* **Entries supplied**
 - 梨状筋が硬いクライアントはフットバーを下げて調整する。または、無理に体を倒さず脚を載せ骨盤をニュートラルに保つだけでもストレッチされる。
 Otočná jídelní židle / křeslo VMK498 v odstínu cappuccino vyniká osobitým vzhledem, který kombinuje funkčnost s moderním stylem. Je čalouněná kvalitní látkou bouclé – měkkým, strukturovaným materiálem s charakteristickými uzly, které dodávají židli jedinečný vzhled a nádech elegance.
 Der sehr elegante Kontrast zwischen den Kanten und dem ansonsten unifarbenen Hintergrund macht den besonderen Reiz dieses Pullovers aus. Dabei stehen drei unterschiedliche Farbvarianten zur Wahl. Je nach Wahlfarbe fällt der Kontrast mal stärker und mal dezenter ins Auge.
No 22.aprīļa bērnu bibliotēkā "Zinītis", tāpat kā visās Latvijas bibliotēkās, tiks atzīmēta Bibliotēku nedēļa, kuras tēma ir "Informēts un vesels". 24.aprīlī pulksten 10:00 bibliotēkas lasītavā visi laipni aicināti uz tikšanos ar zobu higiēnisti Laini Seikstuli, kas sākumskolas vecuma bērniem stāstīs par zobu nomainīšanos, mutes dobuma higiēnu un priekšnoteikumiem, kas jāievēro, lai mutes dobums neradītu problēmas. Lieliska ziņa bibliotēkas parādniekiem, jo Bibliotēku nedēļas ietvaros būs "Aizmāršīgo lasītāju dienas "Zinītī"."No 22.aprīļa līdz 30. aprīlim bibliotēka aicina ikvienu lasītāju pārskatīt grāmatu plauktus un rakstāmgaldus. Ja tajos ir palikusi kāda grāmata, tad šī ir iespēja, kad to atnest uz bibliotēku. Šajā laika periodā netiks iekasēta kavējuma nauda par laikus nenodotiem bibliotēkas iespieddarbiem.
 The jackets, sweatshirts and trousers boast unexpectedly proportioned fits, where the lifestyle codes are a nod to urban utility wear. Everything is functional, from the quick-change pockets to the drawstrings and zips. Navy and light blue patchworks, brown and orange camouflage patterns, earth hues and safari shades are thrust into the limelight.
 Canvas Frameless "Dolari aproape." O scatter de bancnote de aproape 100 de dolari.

* * *

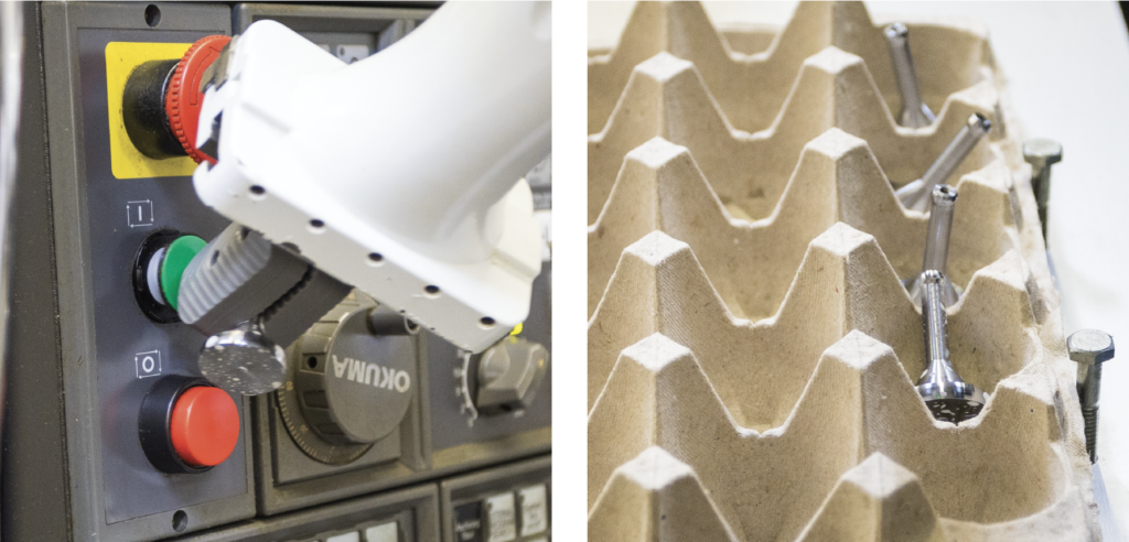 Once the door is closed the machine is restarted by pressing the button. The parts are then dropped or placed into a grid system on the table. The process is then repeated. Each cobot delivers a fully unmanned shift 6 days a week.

==

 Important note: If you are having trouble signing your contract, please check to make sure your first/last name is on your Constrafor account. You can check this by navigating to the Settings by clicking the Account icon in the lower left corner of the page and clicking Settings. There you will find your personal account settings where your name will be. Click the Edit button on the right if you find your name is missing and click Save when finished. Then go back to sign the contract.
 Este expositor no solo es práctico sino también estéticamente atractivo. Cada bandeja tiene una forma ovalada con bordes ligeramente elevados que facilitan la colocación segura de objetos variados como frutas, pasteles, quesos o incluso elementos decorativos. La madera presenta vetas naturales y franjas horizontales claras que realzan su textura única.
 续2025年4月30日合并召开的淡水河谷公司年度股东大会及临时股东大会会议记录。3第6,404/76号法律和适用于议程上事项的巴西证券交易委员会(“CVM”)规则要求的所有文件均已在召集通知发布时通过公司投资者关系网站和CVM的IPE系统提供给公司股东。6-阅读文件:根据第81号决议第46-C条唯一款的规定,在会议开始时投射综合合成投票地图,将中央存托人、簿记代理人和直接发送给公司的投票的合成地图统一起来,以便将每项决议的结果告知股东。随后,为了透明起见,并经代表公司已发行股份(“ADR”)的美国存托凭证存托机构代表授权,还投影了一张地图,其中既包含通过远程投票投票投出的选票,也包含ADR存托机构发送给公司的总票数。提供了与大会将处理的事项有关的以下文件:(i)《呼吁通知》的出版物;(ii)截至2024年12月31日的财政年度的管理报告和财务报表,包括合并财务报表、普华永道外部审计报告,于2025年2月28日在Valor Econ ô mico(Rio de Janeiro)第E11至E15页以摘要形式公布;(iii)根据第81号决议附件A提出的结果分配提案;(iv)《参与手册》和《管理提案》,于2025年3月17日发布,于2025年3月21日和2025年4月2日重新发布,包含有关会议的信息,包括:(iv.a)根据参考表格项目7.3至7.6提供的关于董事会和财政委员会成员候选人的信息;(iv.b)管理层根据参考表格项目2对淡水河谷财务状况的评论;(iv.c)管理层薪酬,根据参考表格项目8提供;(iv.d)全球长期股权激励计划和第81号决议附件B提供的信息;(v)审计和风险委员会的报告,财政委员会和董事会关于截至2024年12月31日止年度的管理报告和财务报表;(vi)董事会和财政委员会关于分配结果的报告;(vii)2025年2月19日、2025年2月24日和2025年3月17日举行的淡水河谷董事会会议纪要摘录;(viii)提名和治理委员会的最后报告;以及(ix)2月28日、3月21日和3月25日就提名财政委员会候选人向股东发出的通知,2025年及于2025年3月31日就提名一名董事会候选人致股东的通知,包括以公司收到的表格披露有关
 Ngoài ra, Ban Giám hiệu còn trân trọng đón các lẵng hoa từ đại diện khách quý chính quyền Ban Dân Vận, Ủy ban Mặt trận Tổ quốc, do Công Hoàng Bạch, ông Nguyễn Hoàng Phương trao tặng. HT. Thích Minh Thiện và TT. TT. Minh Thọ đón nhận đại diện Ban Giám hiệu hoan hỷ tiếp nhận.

* **The problem**
Using the entries above, give back exactly the line containing "Econ ô mico(Rio", the line containing "Ngoài ra, Ban", and every line between them, and nothing else.

* **Solution to this problem**
 续2025年4月30日合并召开的淡水河谷公司年度股东大会及临时股东大会会议记录。3第6,404/76号法律和适用于议程上事项的巴西证券交易委员会(“CVM”)规则要求的所有文件均已在召集通知发布时通过公司投资者关系网站和CVM的IPE系统提供给公司股东。6-阅读文件:根据第81号决议第46-C条唯一款的规定,在会议开始时投射综合合成投票地图,将中央存托人、簿记代理人和直接发送给公司的投票的合成地图统一起来,以便将每项决议的结果告知股东。随后,为了透明起见,并经代表公司已发行股份(“ADR”)的美国存托凭证存托机构代表授权,还投影了一张地图,其中既包含通过远程投票投票投出的选票,也包含ADR存托机构发送给公司的总票数。提供了与大会将处理的事项有关的以下文件:(i)《呼吁通知》的出版物;(ii)截至2024年12月31日的财政年度的管理报告和财务报表,包括合并财务报表、普华永道外部审计报告,于2025年2月28日在Valor Econ ô mico(Rio de Janeiro)第E11至E15页以摘要形式公布;(iii)根据第81号决议附件A提出的结果分配提案;(iv)《参与手册》和《管理提案》,于2025年3月17日发布,于2025年3月21日和2025年4月2日重新发布,包含有关会议的信息,包括:(iv.a)根据参考表格项目7.3至7.6提供的关于董事会和财政委员会成员候选人的信息;(iv.b)管理层根据参考表格项目2对淡水河谷财务状况的评论;(iv.c)管理层薪酬,根据参考表格项目8提供;(iv.d)全球长期股权激励计划和第81号决议附件B提供的信息;(v)审计和风险委员会的报告,财政委员会和董事会关于截至2024年12月31日止年度的管理报告和财务报表;(vi)董事会和财政委员会关于分配结果的报告;(vii)2025年2月19日、2025年2月24日和2025年3月17日举行的淡水河谷董事会会议纪要摘录;(viii)提名和治理委员会的最后报告;以及(ix)2月28日、3月21日和3月25日就提名财政委员会候选人向股东发出的通知,2025年及于2025年3月31日就提名一名董事会候选人致股东的通知,包括以公司收到的表格披露有关
 Ngoài ra, Ban Giám hiệu còn trân trọng đón các lẵng hoa từ đại diện khách quý chính quyền Ban Dân Vận, Ủy ban Mặt trận Tổ quốc, do Công Hoàng Bạch, ông Nguyễn Hoàng Phương trao tặng. HT. Thích Minh Thiện và TT. TT. Minh Thọ đón nhận đại diện Ban Giám hiệu hoan hỷ tiếp nhận.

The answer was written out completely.